Premières anecdotes du jeune Raul :

« Il a fait ses débuts avec moi en amical à Oviedo. Avant le match, les joueurs ont commencé à faire un rondo. Raúl a perdu le ballon, mais il a estimé que c’était Laudrup qui lui avait fait une mauvaise passe. « C’est ton tour, bébé », dit le Danois. « Entrer ». « Non, je n’entre pas. » « Que voulez-vous dire par vous n’entrez pas ? » « Non, je n’entre pas. Je ne l’ai pas perdu ».

« Il a dit ça à Laudrup ! Ensuite, je devais attirer son attention. « Bébé, tu dois avoir du respect » et tout ça. Mais il était enragé. Il y a eu une séance d’entraînement au cours de laquelle un vétéran lui a donné de violents coups de pied. Il se leva, le redemanda et fit face au même vétéran. Comme pour dire : « C’est la peur que j’ai de toi. Quelle personnalité. Il a géré les arbitres d’une manière incroyable. « Monsieur, c’était une pénalité, mais ne vous inquiétez pas, je vais vous aider. » Et sur la pièce suivante : « Comment allez-vous, monsieur ? Êtes-vous calme? Tout va bien. » Et il les a donc traités. Aux arbitres. Je n’ai jamais vu. quelque chose comme ça Ils ne l’ont jamais expulsé. Et j’insiste : il avait une intelligence supérieure.

Hériter de la qualité en tant que manager : « Il sera l’un des meilleurs de l’histoire du football. Il transmet avec la même exigence qu’il s’appliquait à lui-même. Il a quelque chose d’inhérent aux grands entraîneurs.

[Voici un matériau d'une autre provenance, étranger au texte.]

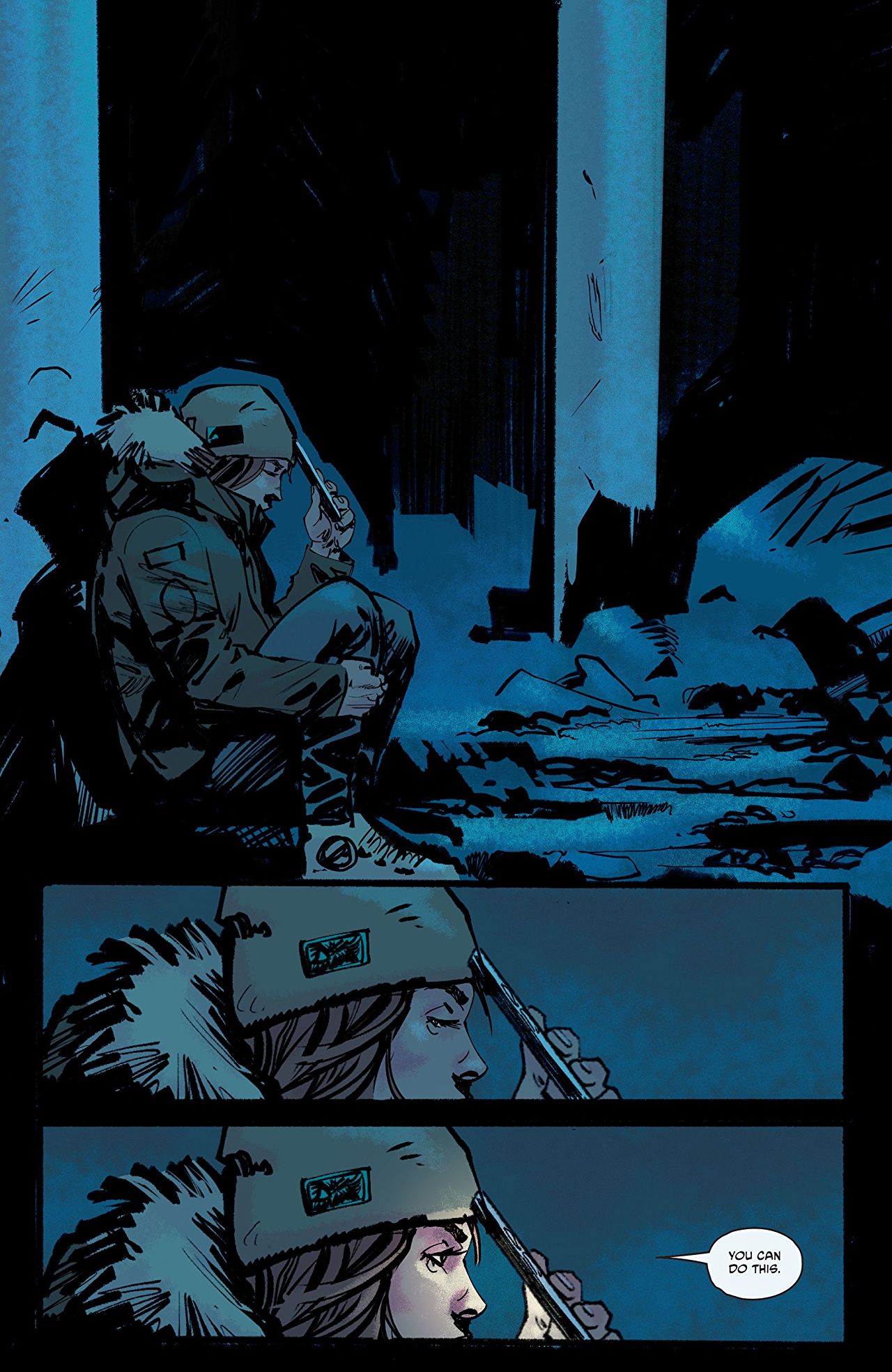 Babyteeth is a dark book and the art reflects that consummately. While not the most remarkable work you’ll find out there, Garry Brown gives us shadows and blackness throughout a story that cloaks itself in shadows and darkness. The opening scenes of Sadie among the ruins look especially good and feel as grim and lonely as you’d expect such a place to be. (Obviously, colorist Mark Englert has a hand in this well-executed mood-setting as well.) Brown’s work is rough-hewn and raw which, I believe, was a wise style choice; anything cleaner-cut may not have worked as well.
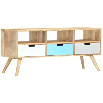 ManoManoGeneral description This solid wooden TV cabinet with a lacquered finish is a decorative and practical addition to your home decor. Handmade from solid mango wood, it is stable, durable, and features beautiful craftsmanship that enhances its retro style. Each piece is unique due to the natural variations in wood grains and colors. The cabinet includes a sturdy top for decorative items and offers ample storage with 3 drawers and 3 compartments. Technical specifications Colour: Brown and multicolour Material: Solid mango wood Dimensions: 110x35x48 cm (W x D x H) With 3 drawers and 3 compartments Finish: Polished, painted, and lacquered Assembly required: Yes Other information
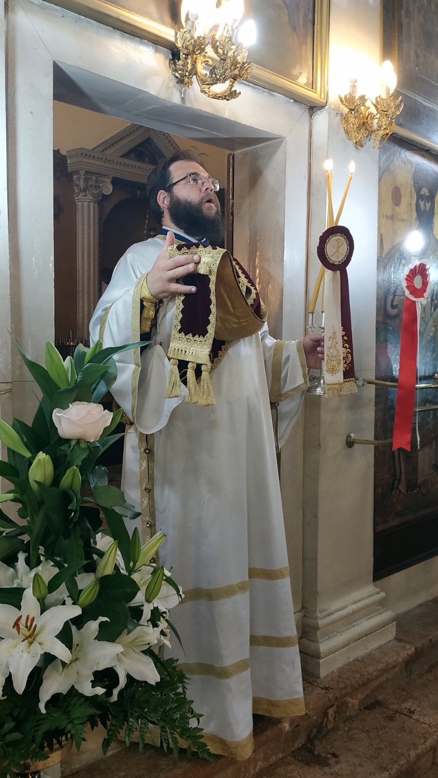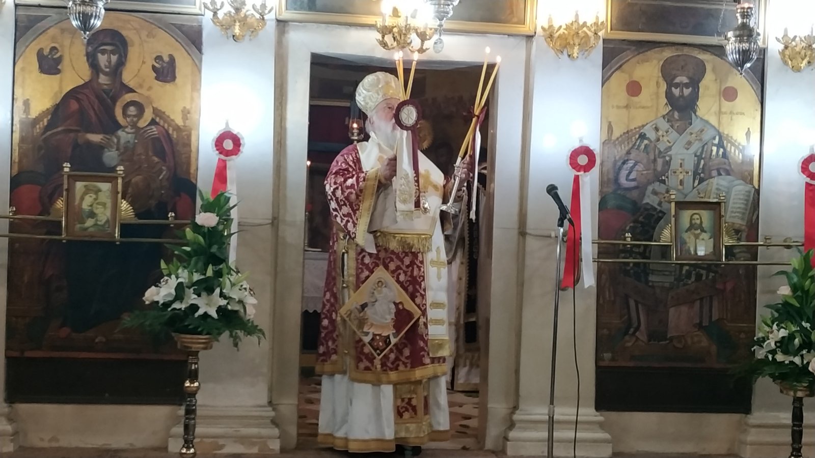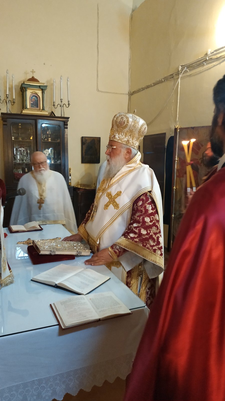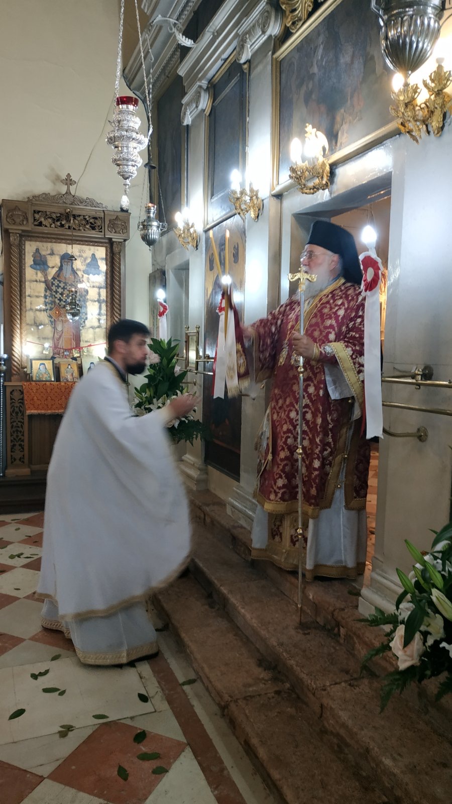 Στο πέρας της Θείας Λειτουργίας ο κ. Νεκτάριος τέλεσε τρισάγιο για την ανάπαυση των ψυχών των μακαριστών προκατόχων του Χρυσάνθου και Ευσταθίου, που είναι θαμμένοι εντός του ναού, όπως συνηθιζόταν στην Κέρκυρα, ενώ προεξήρχε μικρής περιφοράς της εικόνας της Αναστάσεως εντός του κοιμητηρίου και τέλεσε την απόλυση μπροστά από το κενοτάφιο του Αγίου Αρσενίου του Καππαδόκου, ο οποίος είχε κοιμηθεί και είχε ταφεί στην Κέρκυρα, μετά την ανταλλαγή των πληθυσμών ύστερα από την Μικρασιατική καταστροφή.

Guaridola, Mourinho, Simeone l’ont : une énergie imparable.

Impact sur La Fabrica : « S’il était ici, il ne laisserait aucun d’entre nous parler. Il a en tête, mémorisés, les trois cents joueurs de la Cantera. Demandez-lui un nom parmi les niveaux jeunesse. C’est une merveille. Je crois beaucoup en lui en tant qu’entraîneur.

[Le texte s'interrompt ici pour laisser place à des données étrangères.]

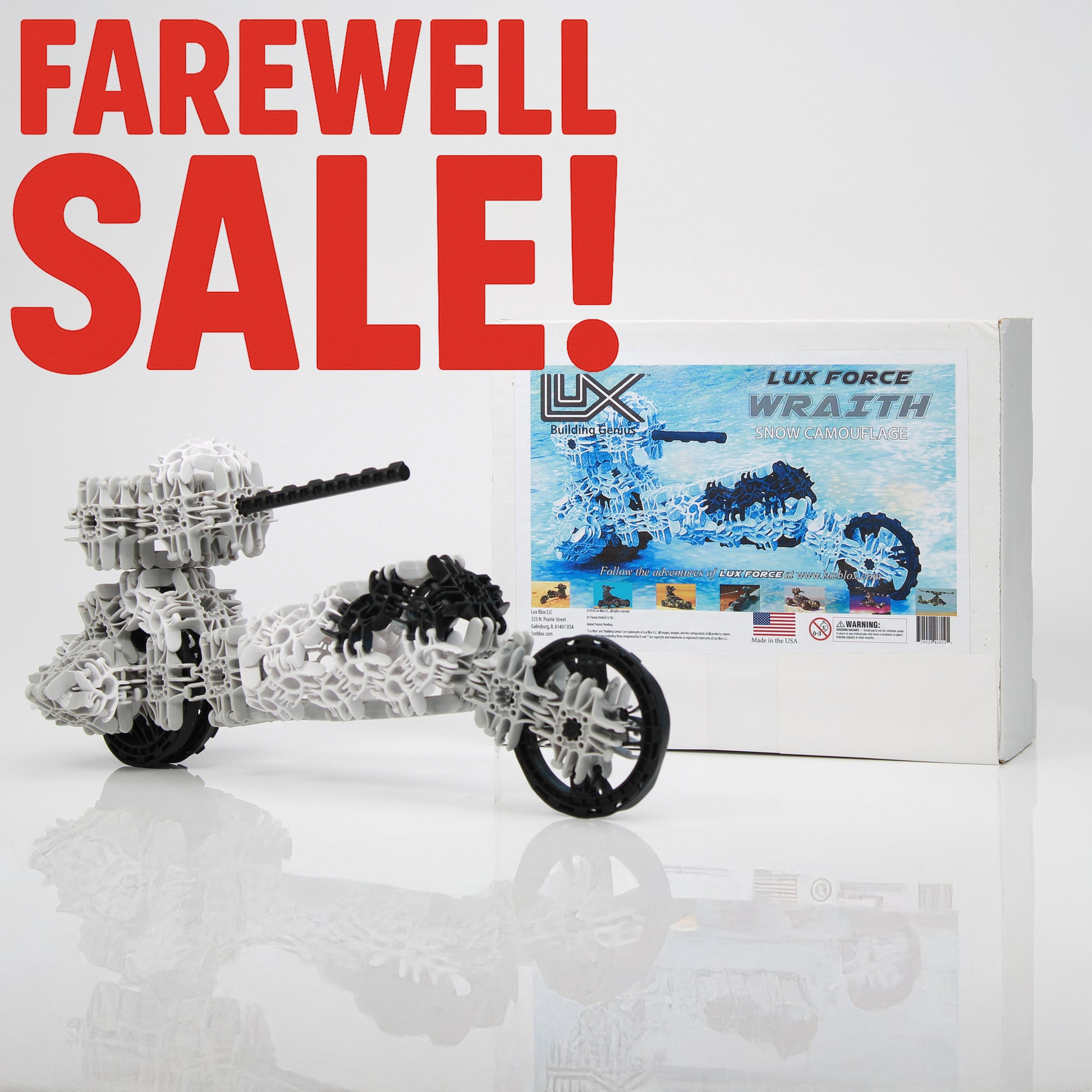 Lux Blox is manufactured in the United States and made of ABS (Acrylonitrile Butadiene Styrene) Plastic, a material commonly used in the manufacture of children’s toys like Lego bricks, and has been tested safe.
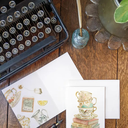 Vintage Teacup Stack on Antique Books Card
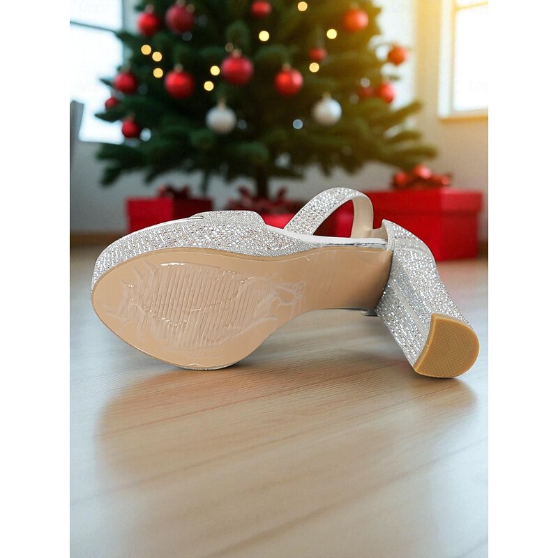 Women's Silver Platform High Heel Sandals - Glitter Ankle Strap Open Toe Party Shoes with Rhinestone Detailing, Glamorous Footwear for Nightlife, Christmas Parties and Holiday Events 4
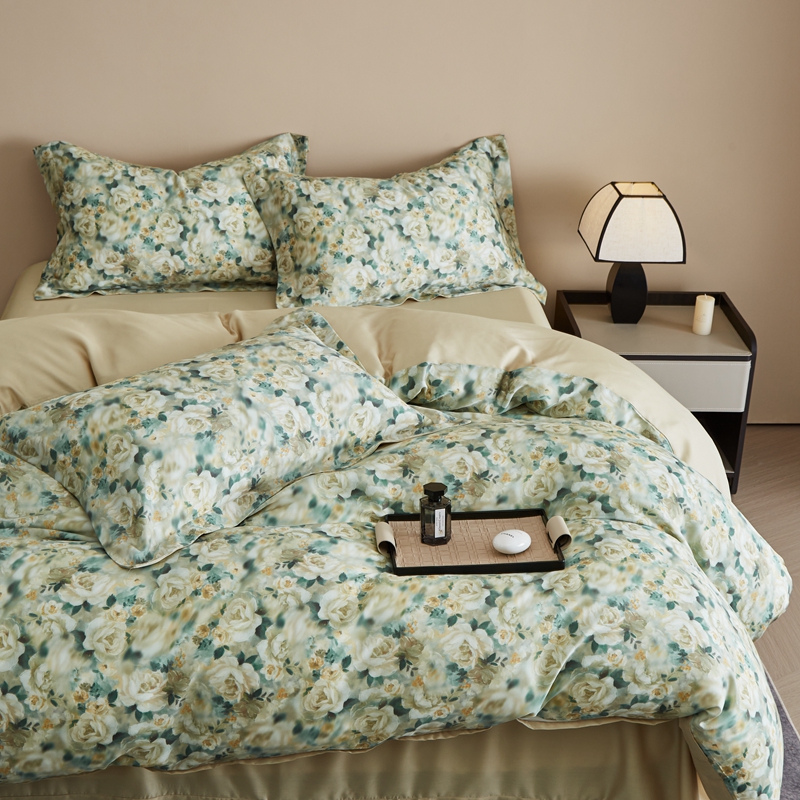商品名称:顾家家居 2025新款莱塞尔兰精天丝印花四件套 青梧

Coaching Castilla : « Raúl dirige la plus jeune équipe de Castilla. Il attrape des garçons de dix-sept ans et au bout de six mois, il vous les rend en tant qu’hommes. Il attrape Miguel Gutiérrez et en fait un homme. Avec Antoine ? Le même. Marvin ? Un homme. Les hommes ont été créés grâce à un niveau de demande incroyable.

« Transmettre ces valeurs aux garçons d’aujourd’hui est de plus en plus difficile, et Raúl le fait. L’année dernière, ils ont gagné à Navalcarnero à la dernière minute, et un joueur de Castilla a fait un geste laid au public. Un manager de Navalcarnero m’a dit : « J’admirais déjà Raúl, après avoir entendu la colère avec laquelle il a frappé ses joueurs après ce geste… pour moi, c’est un dieu. Je leur ai dit qu’avec un peu de malchance, ils pourraient eux-mêmes jouer dans le Navalcarnero dans quelques années.